In my class we have traditions. We always buy candy in the Café when writing big assignments, and at our birthday we always bring cake. If I am to be 100% honest this doesn’t fit into my life style, not at all. I must admit that I often say no hanks. Not because I want to restrict my self – but because I don’t feel the need to eat either cake or candy in that moment. Years of eating healthy have cured me from my cravings, and I simply don’t need to have sweets several times during the week.
Most of the time my friends accept me. It is (almost) approved that I bring a big salad for lunch and that I workout six times a week. But when I say no to a piece of cake there will be hell to pay! Suddenly everyone has something to say about my healthiness. ”It’s okay to have something unhealthy once in a while, you know that right?” and ”Oh but you work out so much – why can’t you treat yourself?” they ask so judicially. It is like they immediately think I have an eating disorder or something. Every time I assure them that I’m OK ”Yes I do treat myself sometimes” and “yes I do know that I can eat a piece of cake without becoming fat” It’s like I have to apologize. I hate that.
Some years ago, when I began my healthy journey, my relationship with food did become partly unhealthy. I restricted myself some foods, and it came to effect my social life. One day I sat down and looked myself in the mirror. I told myself that this was not what I wanted! So I changed it.

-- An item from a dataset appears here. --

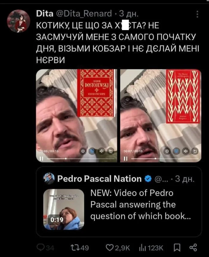 Подписчики тиктокера в основном похвалили литературные вкусы кинозвезды, оставив комментарии вроде "Я всегда знала, что он человек с утончённым вкусом и культурой". Однако в Х (твиттере) актёру досталось, и его даже прозвали Педро Москаль.
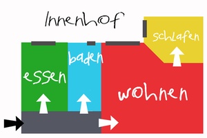 ruhige 1,5 Zimmerwohnung, Seitenflügel, im grünen Innenhof mit kleinem Garten anschließend

Today I have found balance. Treating myself is now a choice – not ”cheating”. It is just so annoying that I have to protect and apologize for my choices and beliefs. I don’t judge them for having the cake – so why do they have to judge me?
This is something that I have been thinking about a lot lately. I accept that people choose differently than I do myself. They can have as much cake they want – that is not my business. I just really wish that they would also start accepting me.